What needs to be done:
Beginning at the line that contains "The Blackmagic Design", repeat each line exactly through the last one of the records below, and leave out the pictures.
------------------------------------------------
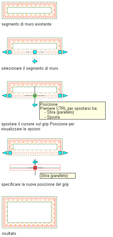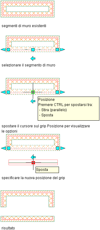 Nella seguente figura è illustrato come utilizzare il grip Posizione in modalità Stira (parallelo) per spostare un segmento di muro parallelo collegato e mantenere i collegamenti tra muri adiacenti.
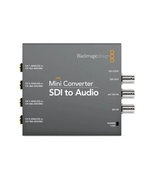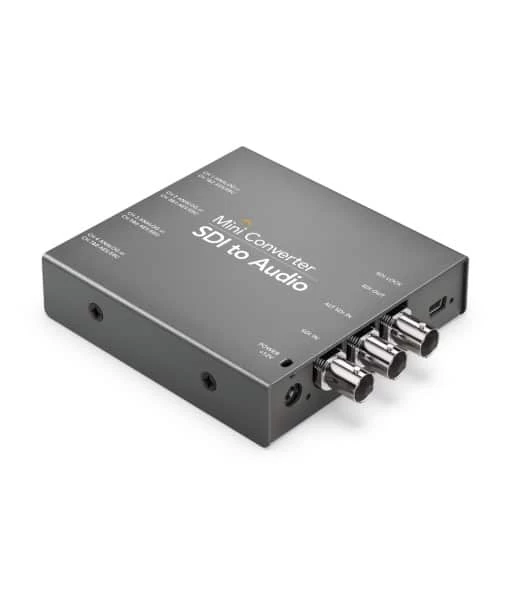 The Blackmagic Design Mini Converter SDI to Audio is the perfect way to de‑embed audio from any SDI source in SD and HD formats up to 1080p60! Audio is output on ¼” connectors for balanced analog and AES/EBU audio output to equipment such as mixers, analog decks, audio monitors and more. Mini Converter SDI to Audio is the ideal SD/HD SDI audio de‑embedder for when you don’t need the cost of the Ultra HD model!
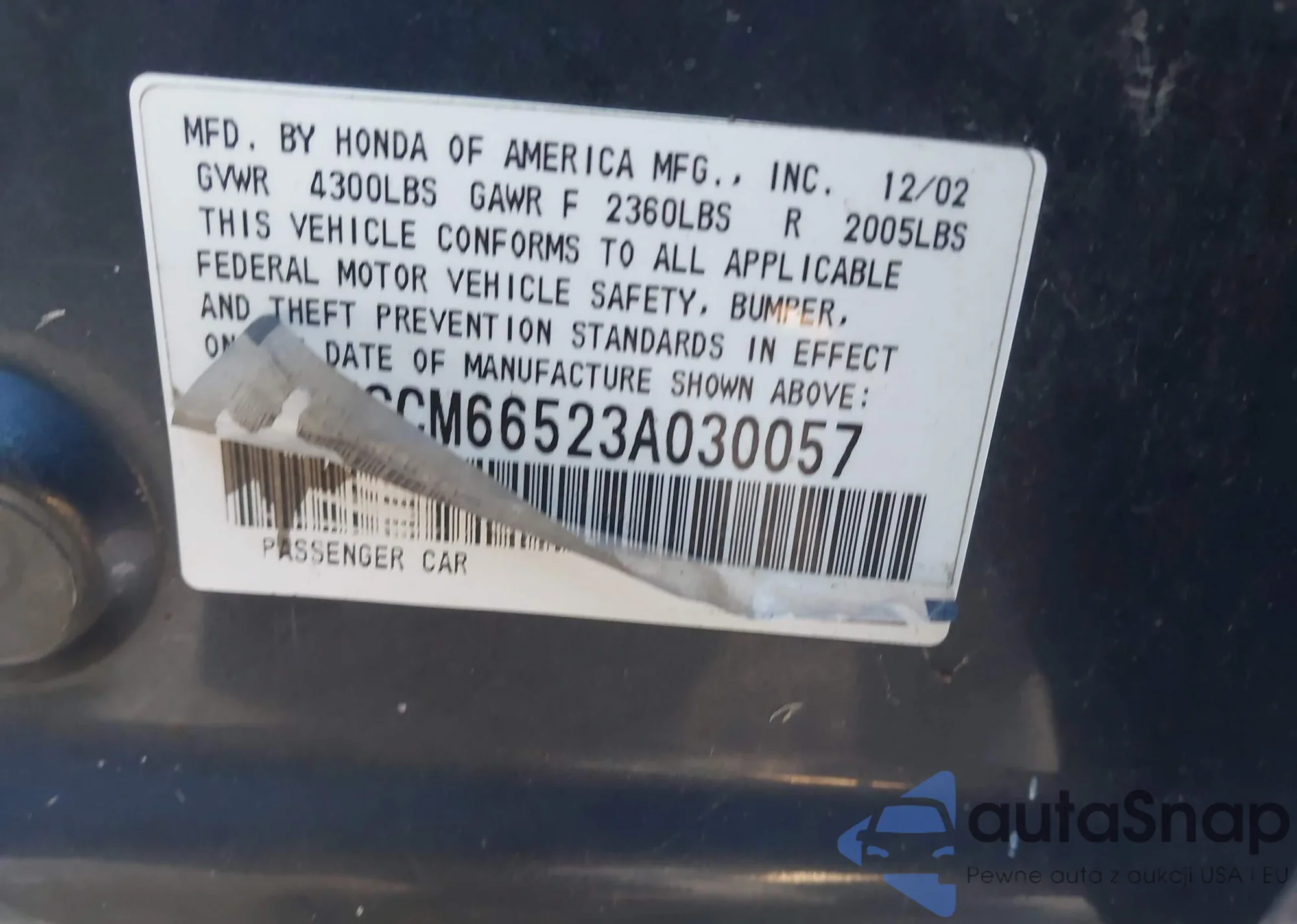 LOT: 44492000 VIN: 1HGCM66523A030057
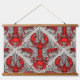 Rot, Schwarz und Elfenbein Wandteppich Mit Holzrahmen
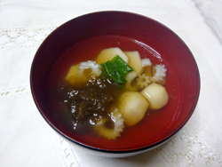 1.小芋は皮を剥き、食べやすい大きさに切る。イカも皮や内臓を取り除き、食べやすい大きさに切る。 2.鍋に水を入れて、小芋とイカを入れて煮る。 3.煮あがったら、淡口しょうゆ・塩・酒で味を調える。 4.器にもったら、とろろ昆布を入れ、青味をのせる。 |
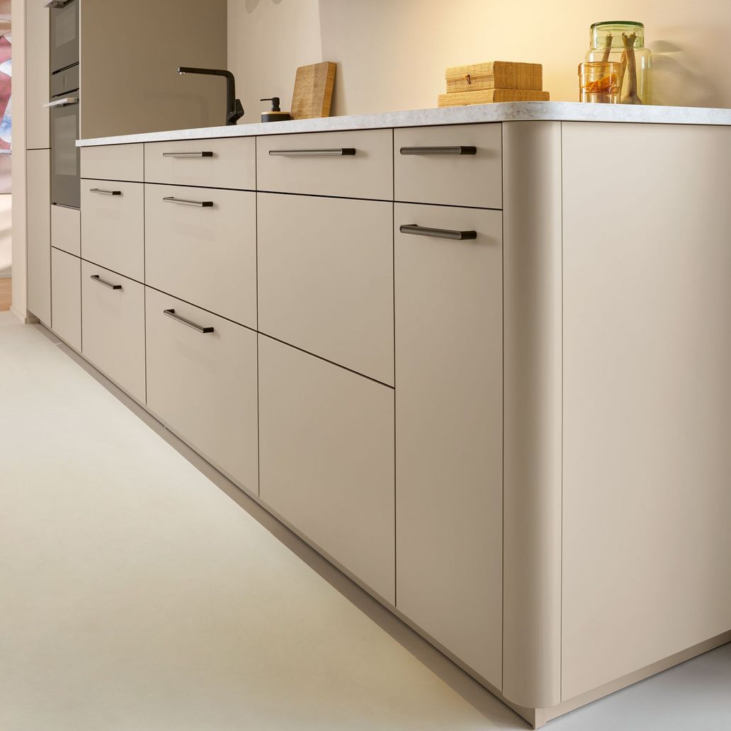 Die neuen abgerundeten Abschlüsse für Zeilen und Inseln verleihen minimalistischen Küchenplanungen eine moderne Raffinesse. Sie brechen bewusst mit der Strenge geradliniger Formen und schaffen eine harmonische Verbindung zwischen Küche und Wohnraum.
------------------------------------------------
Exercise answer:
 The Blackmagic Design Mini Converter SDI to Audio is the perfect way to de‑embed audio from any SDI source in SD and HD formats up to 1080p60! Audio is output on ¼” connectors for balanced analog and AES/EBU audio output to equipment such as mixers, analog decks, audio monitors and more. Mini Converter SDI to Audio is the ideal SD/HD SDI audio de‑embedder for when you don’t need the cost of the Ultra HD model!
 LOT: 44492000 VIN: 1HGCM66523A030057
 Rot, Schwarz und Elfenbein Wandteppich Mit Holzrahmen
 1.小芋は皮を剥き、食べやすい大きさに切る。イカも皮や内臓を取り除き、食べやすい大きさに切る。 2.鍋に水を入れて、小芋とイカを入れて煮る。 3.煮あがったら、淡口しょうゆ・塩・酒で味を調える。 4.器にもったら、とろろ昆布を入れ、青味をのせる。 |
 Die neuen abgerundeten Abschlüsse für Zeilen und Inseln verleihen minimalistischen Küchenplanungen eine moderne Raffinesse. Sie brechen bewusst mit der Strenge geradliniger Formen und schaffen eine harmonische Verbindung zwischen Küche und Wohnraum.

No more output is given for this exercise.